Both use the propensity score to reduce confounding. Matching may be more intuitive and allows visual inspection of matched pairs.

Limitations:

Discards unmatched individuals (efficiency loss)
Complex variance estimation (pairs are dependent)
Exact matching on propensity score is impossible (continuous variable)

4.2 Assessing Match Quality

After matching, assess balance:

Standardized differences: Compare means of $L$ in matched treated vs untreated
Love plots: Graphical display of standardized differences before and after matching
Distribution plots: Compare distributions of confounders in matched samples

Target: Standardized differences < 0.1 for all confounders

4.3 Example: NHEFS Matching

Procedure:

Estimate propensity score for quitting smoking
Match each quitter to a non-quitter with similar propensity score
In matched sample, compare weight change between quitters and non-quitters
Estimate causal effect as mean difference in matched pairs

Advantages: Intuitive, allows checking balance on all confounders

Disadvantages: Discards some individuals, may not achieve perfect balance

5 15.5 Propensity Models, Treatment Models, and Marginal Structural Models (pp. 219-222)

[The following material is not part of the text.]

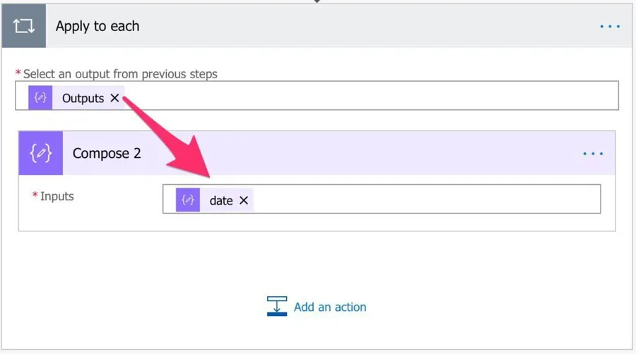 And then, we can do a simple “Apply to each” to get the items we want by reference. Looks nice.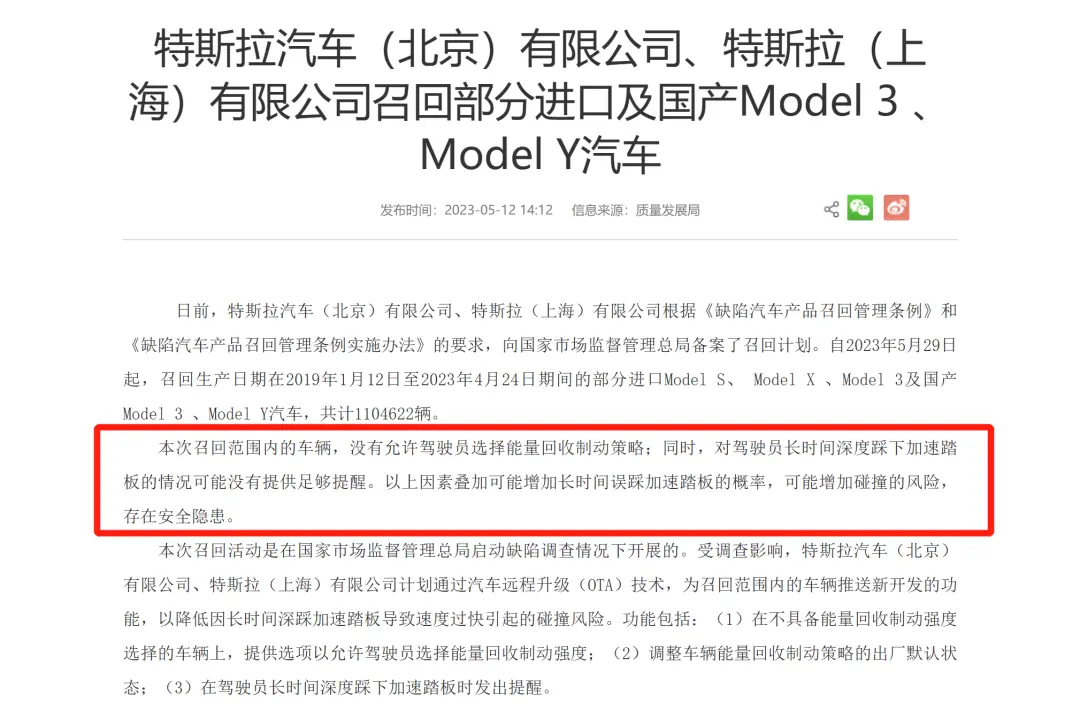 争论已久的单踏板模式,或许就要跟我们告别了。5月13日,国家市场监督管理总局公告显示,特斯拉备案了召回计划,计划召回生产日期在2019年1月12日至2023年4月24日期间的部分进口及国产汽车,总计110.46万辆。

Clarifying terminology: propensity scores, treatment models, and MSMs.

5.1 Definitions

Propensity score: $e(L) = \Pr[A = 1 \mid L]$

Treatment model: Any model for $\Pr[A \mid L]$ (or $f(A \mid L)$ for non-binary $A$)

Marginal structural model (MSM): Model for $\text{E}{\left[Y^a\right]}$ or $\text{E}{\left[Y^a \mid V\right]}$

5.2 Relationship

IP weighting uses the treatment model to create weights:

\[W^A = \frac{1}{\Pr[A \mid L]}\]

For binary $A$, this uses the propensity score:

\[W^A = \frac{1}{e(L)} \text{ if } A = 1, \quad W^A = \frac{1}{1 - e(L)} \text{ if } A = 0\]

MSM is then fit using IP weights:

\[\text{E}{\left[Y^a\right]} = \beta_0 + \beta_1 a\]

Distinction:

Propensity score: A specific quantity, $\Pr[A = 1 \mid L]$
Treatment model: A statistical model for $\Pr[A \mid L]$, which can be used to estimate propensity scores
MSM: A model for potential outcomes, estimated using IP weights derived from the treatment model

These are related but distinct concepts. The propensity score can be used for:

IP weighting (via treatment model)
Stratification
Matching

All three methods aim to adjust for confounding.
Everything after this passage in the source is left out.